RAYMOND — A group unhappy with Public Utility District plans to extend service to Tokeland retained the services of a law firm, a ratepayer announced Tuesday, Oct. 1.

Nahcotta resident Dick Sheldon read a letter aloud during the public comment of the PUD No. 2 board meeting, saying concerned ratepayers have retained an attorney with the law firm of Harrison-Benis of Seattle.

“We don’t consider this matter over or finished at all,” he said. “We hope you’ll get more in tune with the needs of this project and develop them better so that everybody can understand them.”

The dispute concerns the PUD’s plan to extend electric service to Tokeland, North Cove and Grayland. Sheldon and several others have spoke out against the plan because of estimated costs and other concerns.

For the birds

Terry Larson said he felt compelled to attend every PUD meeting to speak up for Tokeland. He said he reads the papers and sees the same people speaking against the extension project.

“I look and it’s still the same naysayers that pound Tokeland (and say) how we have electricity,” he said. “Well, all we’re asking for is some reliable electricity. We didn’t have it last night. The cannery (Nelson Crab) was shut down. All lines, until noon today when the (Grays Harbor) PUD finally showed up and got a bird out of the wiring that had stopped the electricity on the whole point.”

Larson’s wife, Vickie, said power problems are frequent. Nelson Crab, which employs as many as 120 workers, had serious problems on Sept. 22 also, she said. The power didn’t go all the way out.

It was a problem with the three-phase system, she continued. Grays Harbor PUD said it would take hours to get there. When plant workers checked outside, they saw one of the three-phase wires hanging loose across the street.

“People are sick and tired of this,” she said. “When we the people of Tokeland aren’t at these meetings, we’re getting trashed by people who don’t give a hoot about us.”

For the Larsons, the extension can’t come soon enough.

“Can you come this year; like now?” Vickie Larson asked.

Sheldon said he understood Tokeland’s problems, but he said the Pacific County PUD bears some blame for that because if it hadn’t announced its intentions to take over the system, Grays Harbor PUD would have, in all likelihood, upgraded the system and solved the problems years ago.

Budget hearings

PUD manager Doug Miller reminded the board that public hearings on the electrical and water budgets will be held during regular board meetings on Nov. 5 in Raymond and Nov. 19 in Long Beach.

Efficient grocers

The board signed a new agreement with Portland Energy Conservation Inc. to extend the Energy Smart Grocer program.

Miller said the Bonneville Power Administration program helps grocery stores become more energy efficient. PECI administers the program for BPA.

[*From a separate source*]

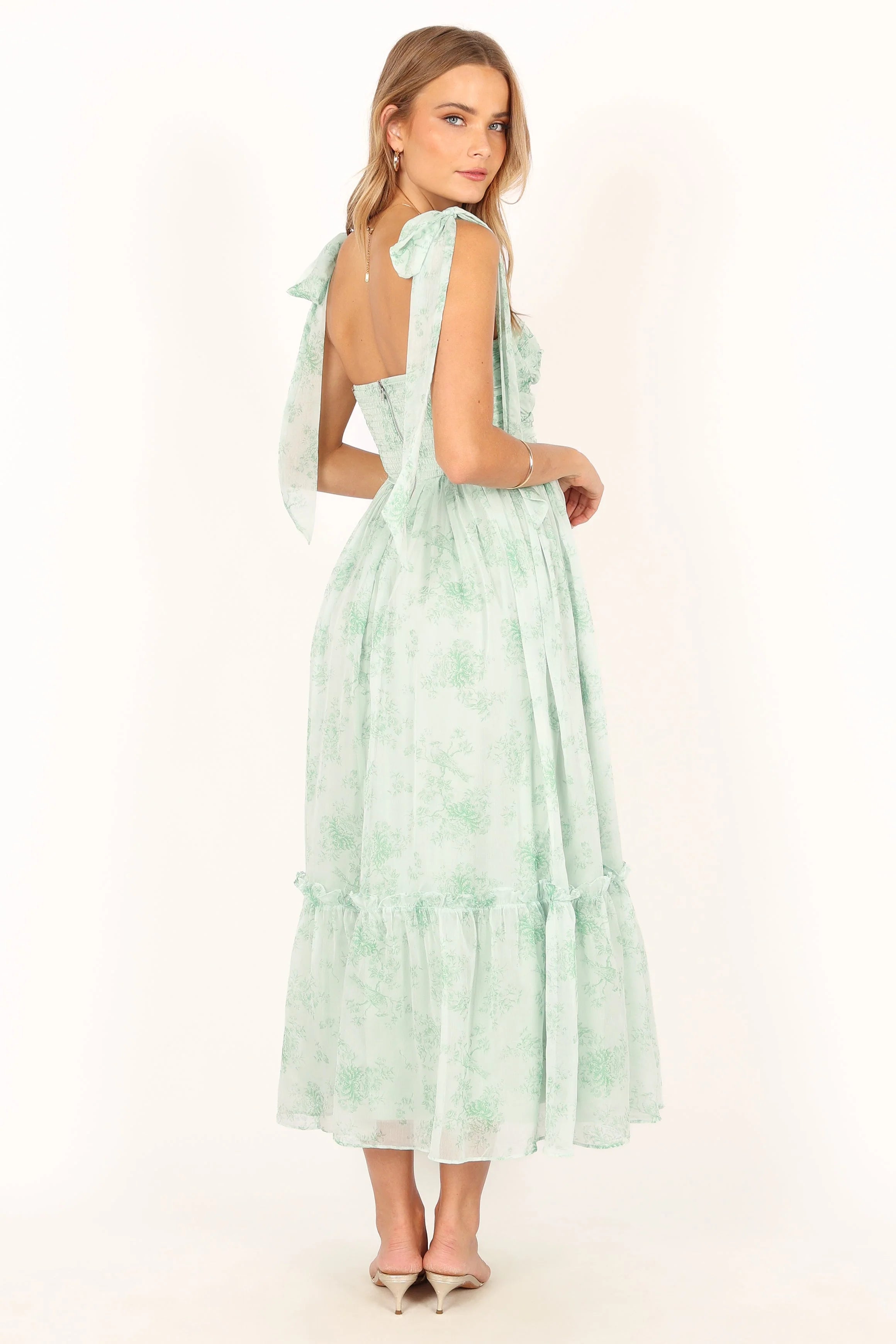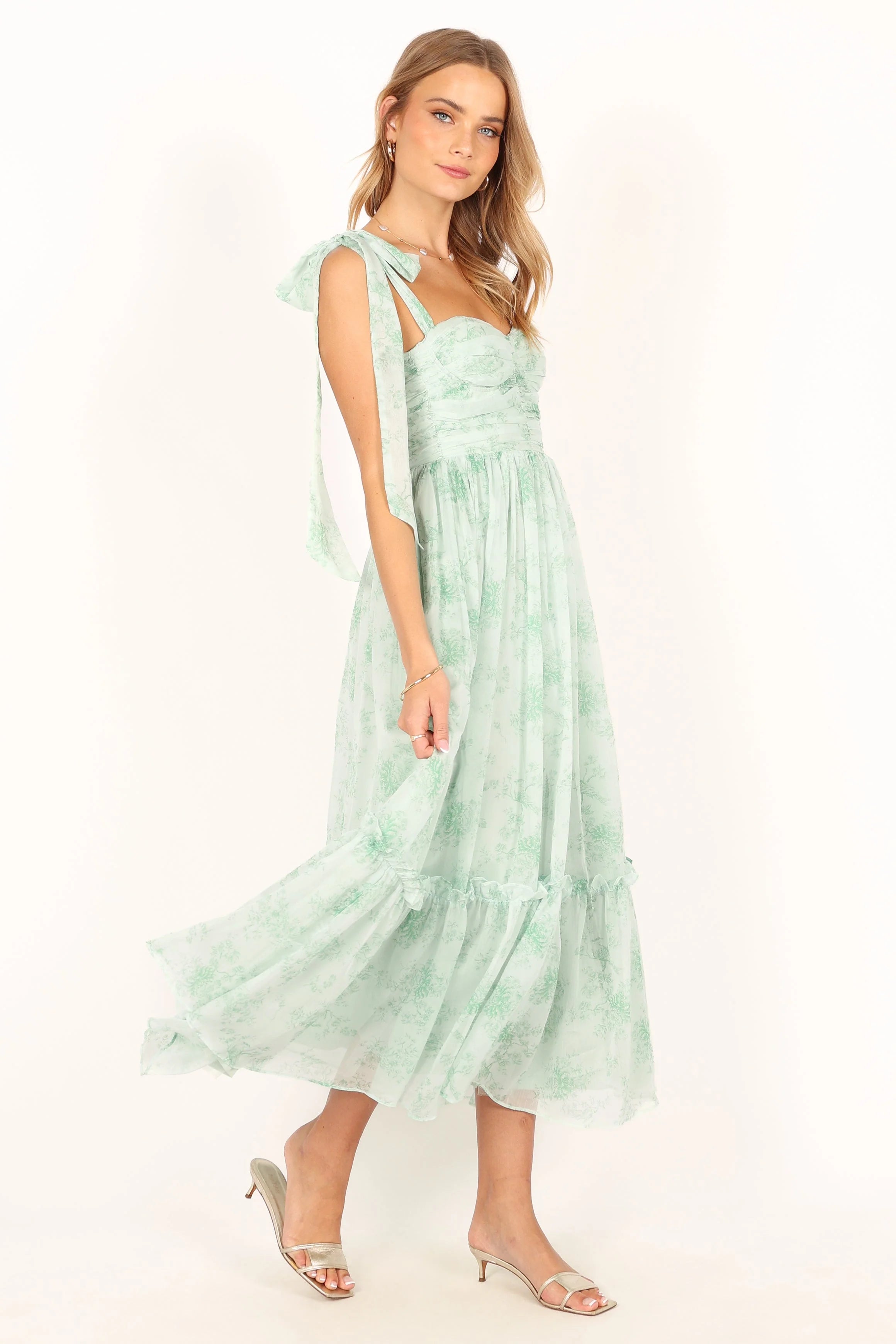 DETAILS Make a statement in this dreamy dress! This midi dress features a sweetheart neckline, tie close shoulder straps, and padded cups in the bust for extra support and to top it all off, this dress is made with a sage floral chiffon overlay for an elegant touch. Perfect for any special occasion.

The company does energy audits and cost-benefit analysis on upgrades for lighting and refrigeration, for example. Store owners pay for the upgrades, but they may be eligible for rebates, depending on the project.

Among the stores that have utilized the program are Pioneer in Long Beach; Okies Thriftway in Ocean Park and Okie’s Select in Naselle; Pioneer Grocery in South Bend; Everybody’s Supermarket and Shell 101 in Raymond.

Super students

The commissioners also nominated Jessica Creager for the Glenn and Elvira Walkley Educational Scholarship.

Miller said the scholarship is for high school seniors who are the children of Washington PUD employees. The students must have a C average or better and have a record of participation in high school activities.

Creager, an Astoria High School student, is the daughter of PUD information technology assistant Dave Gager.

The commissioners faced a tough decision.

Dominic DeLong, son of journeyman meterman Paul Wilkeson, and Kathryn Green, daughter of journeyman lineman Jerry Green, had similar qualifications.

“It’s unfortunate we can only pick one,” Miller said.

“I don’t think I’ve ever seen three as close as this in qualifications,” said Commissioner Ron Hatfield (Dist. 2).

Thompson said their grade point averages were within a few hundredths of a point (3.819, 3.889 and 3.923).

In the end, Creager’s name was drawn from a hat by a member of the audience.

The next PUD meeting will be 1 p.m. at the Peninsula Operations Center in Long Beach, 9610 Sandridge Road.